For others, Kubernetes is the tangled manifestation of an industry driven by hype and complexity. We now toil away on the inconsequential mess we’ve created for ourselves, rather than solving problems faced by businesses in the real world. We’ve prioritized job security over simplicity.

Perhaps it’s best to step away from the emotion and look at the numbers. According to the 2022 CNCF Annual Survey, nearly half of all organizations using containers run Kubernetes to deploy and manage at least some of those containers. Worldwide, there are 5.6 million developers using Kubernetes today.

And yet, I know there are many still wondering: what is Kubernetes?

The official kubernetes.io website describes Kubernetes as follows:

Kubernetes, also known as K8s, is an open-source system for automating deployment, scaling, and management of containerized applications.

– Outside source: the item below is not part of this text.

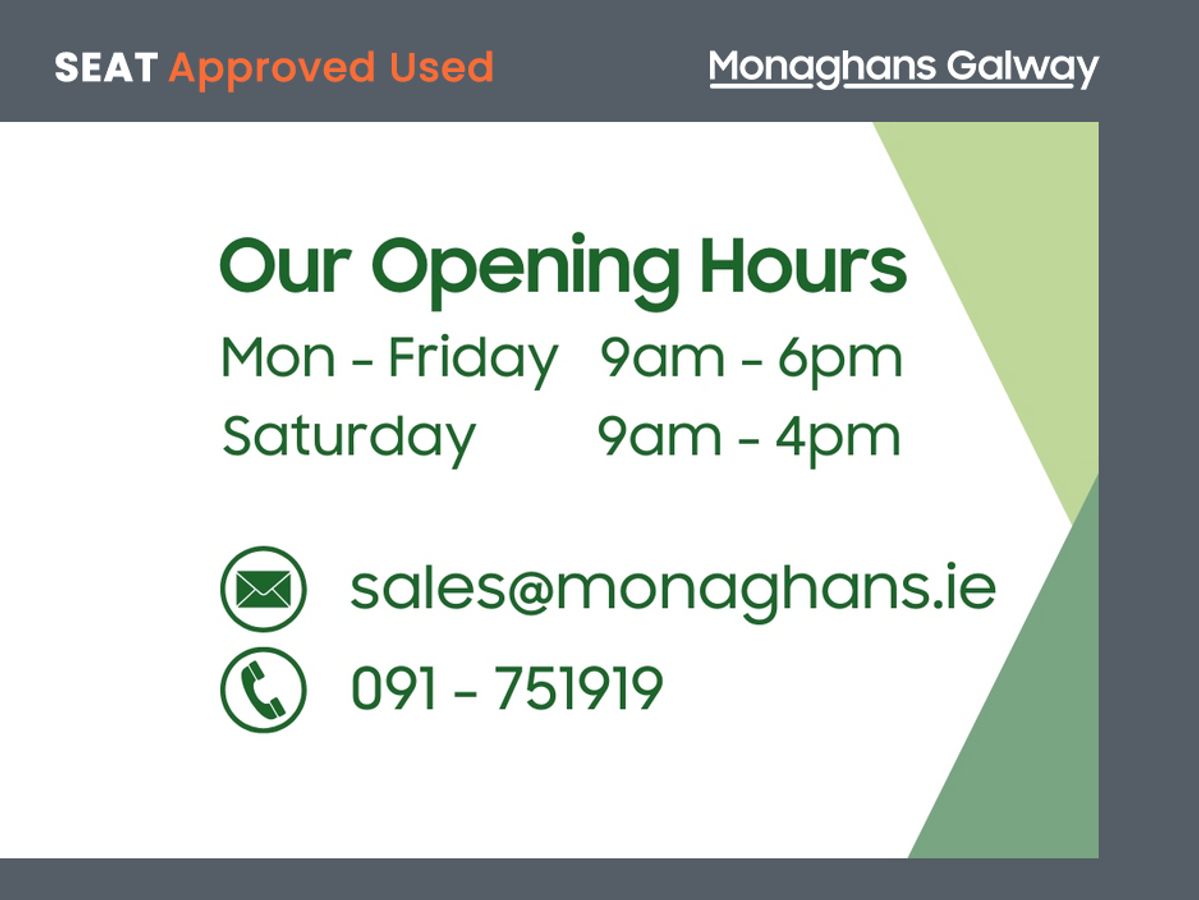 Monaghans Galway is a family business, established in 1955. We pride ourselves on customer service and endeavour to provide the best experience possible. Our high Google review score of 4.9 stars is testament to this. Air Conditioning, Central Locking, Immaculate condition, Electric Windows, Airbag, Cruise Control, Fog Lamps, Privacy Glass, Centre Armrest, Multi-function steering wheel, Traction Control, Parking Sensors, Trade in accepted, Bluetooth, Isofix, History Checked, Finance Checked, Apple Car Play, Android Auto, Active Safety Braking / City Brake / Collision Alert, Stop/Start Button, 2 Keys, External Devices Connectivity, Cup holders, Stability control

I remember reading this sentence several years ago before I knew anything about Kubernetes. On the surface, this description did nothing to help me understand what is was. I didn’t wake up like Neo from a training program, with all the kubectl commands suddenly at my disposal.

Rather, I continued on to the documentation page where I was met with a buffet of information. I remember feeling lost in the sea of concepts and cross-referenced materials. I was on a boat without a skipper, and the further I dove into the material, the more I felt like Kubernetes was beyond my capability of understanding.

Eventually, I realized I felt lost because my learning style just didn’t align with how the official docs are organized. The official docs are an amazing reference for Kubernetes, but the longer I go before I convert reading into doing, the more likely I am to forget the material.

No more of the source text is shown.